Поэтому о национальных сценариях протеста можно говорить, во-первых, в контексте их заимствования. Через резонанс в эмоциях, которые вызвал чужой сценарий. Во-вторых, с точки зрения завершенности или незавершенности протестного цикла. Он (по науке) начинается с осознания нарушения прав, дальше — идентификация ситуации нарушения. Затем начинаются «разговоры вслух», поиски причин. Выбирается репертуар протеста и начинаются отношения с властями — переговоры, подавления, посредничество и т.п.

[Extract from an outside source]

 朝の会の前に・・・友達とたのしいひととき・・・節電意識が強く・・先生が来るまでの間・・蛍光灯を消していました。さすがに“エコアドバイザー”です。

Традиционный для новой Украи­ны сценарий начинается как бунт, с его эмоциональным поводом, сценарной бессмысленностью и угрозой быть беспощадным. Затем появляются посредники, объявляющие себя еще более беспощадными. И затем он превращается в феерический карнавал. Основная функция средневекового карнавала — регуляция социального напряжения. Так, раз в году разрешалось высмеивать и оплевывать даже Папу и монархов. Это визуально воплощалось в карнавальных фигурах, порядке процессии и сценарии самого действа. Сло­во «карнавал» означает в переводе с итальянского «прощай, мясо» (carne vale). Последнее развлечение перед началом поста.

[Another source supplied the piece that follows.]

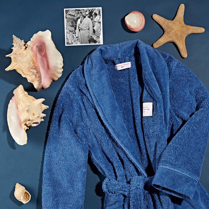 James Bond is a perennial source of sartorial inspiration that’s proven irresistible to designers. Last year Orlebar Brown released a limited edition collection of their Bulldog swim trunks with archival artwork from the Bond films Dr. No, Thunderball, You Only Live Twice and Live And Let Die. Following the success of the swim collection, the London-based label is expanding their collaboration with EON productions into a 15 piece capsule based on all the classic Bond films. Spanning five decades of James Bond style, the looks include Sean Connery’s terry polo from Dr. No and Thurnderball onsie, to George Lazenby’s tux shirt from On Her Majesty’s Secret Service and Roger Morre’s safari looks; the shirt from Diamond Are Forever and the jacket from The Man With the Golden Gun. Naturally, there are swim trunks/shorts to go with each film but the sportswear is the star of this show.
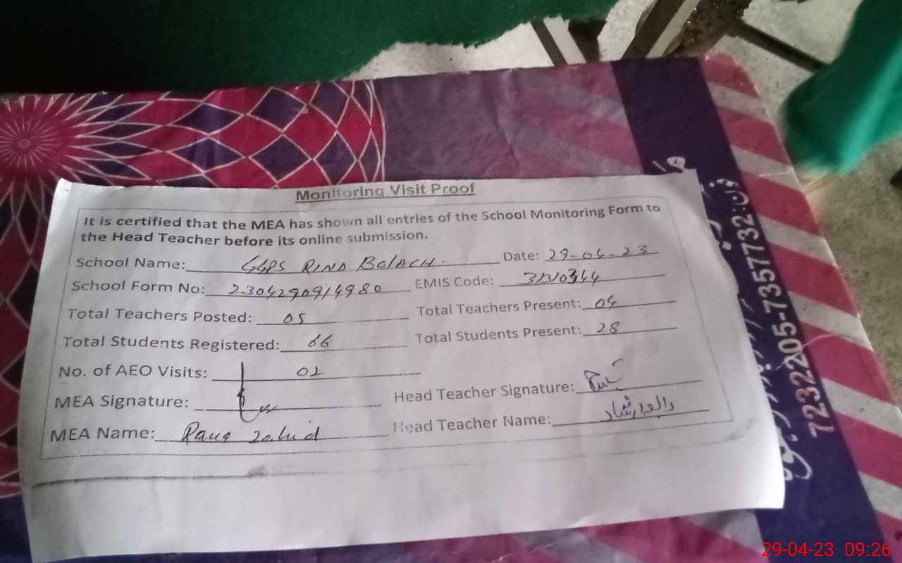 | EMIS Code: 31310344 | Name of School: GGPS RIND BULUCH | |||

Карнавальные приемы часто сопровождают протест в авторитарном обществе. Польская «Помаранчева альтернатива» во времена Ярузельс­кого выводила на улицы в канун годовщины российской большевистской революции тысячи одетых в красное людей, скандирующих «да здравствует революция». В результате начальник полиции кричал в мегафон: «Вяжите всех красных!».
А вот украинское поджаривание яичницы на Вечном огне при благих намерениях продемонстрировать нецелевое использование природного газа и невнимание власти к проблемам ветеранов — сценарная неудача и творческая халтура. Во-первых, десятилетиями по ночам бомжи использовали по всему «совку» эти шаровые источники тепла в тех же целях, и милиция в целом закрывала на это глаза, если не мусорили и не безобразничали. Во-вторых, яичница — это как пельмени, простейшая массовая еда. Бросание яиц в политика — перформанс. А в сковородку? Социальный резонанс от такого действа — массовое пожимание плечами.

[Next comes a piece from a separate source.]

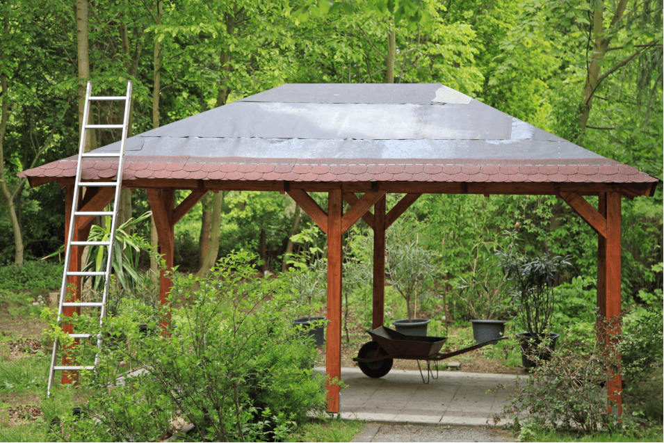 - Когда укладка крыши будет завершена, можно смело говорить о том, что наша беседка готова! Теперь по желанию ее можно покрасить, ведь краска прекрасно защищает дерево от дождей, снега и других погодных условий. Чтобы не тратить на покраску слишком много времени, можете приобрести электрический краскопульт, но помните, что использовать его лучше в безветренную погоду. Когда будете выбирать краску, покупайте стойкую к воздействию окружающей среды. Если вы не планируете красить беседку, потому что хотите сохранить цвет и рисунок дерева, используйте лак — он также защитит брус от влаги и прямых солнечных лучей.
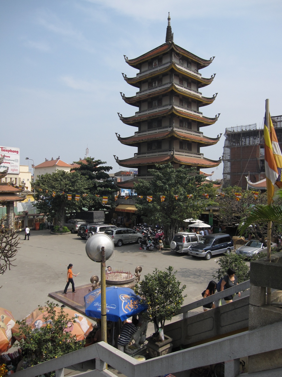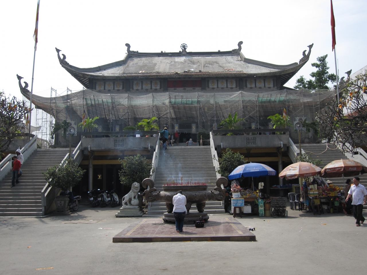 ホーチミン中心部からは離れた場所にあるのでタクシーを利用。大きな本殿は近代的なコンクリート作り。

Если уж вы рискуете пойти «по статье», то мессидж должен быть безукоризненный, понимаемый и одобренный обществом. Даже в версии решения суда. Ведь самоубийственность, бунтовщицкая или карнавальная, всегда остается личным поступком. Люди хотят продолжать свой род и защищать свой вид, и любые помехи в этом рано или поздно вызывают социальные протесты без всяких стимулирующих технологий.
Хотя есть демографические сомнения по поводу того, что украинцы хотят продолжать свой род. А с нравственно-эстетической точки зрения многих к этому виду вообще причислять не хочется. И это пока главная эмоциональная составляющая протестов.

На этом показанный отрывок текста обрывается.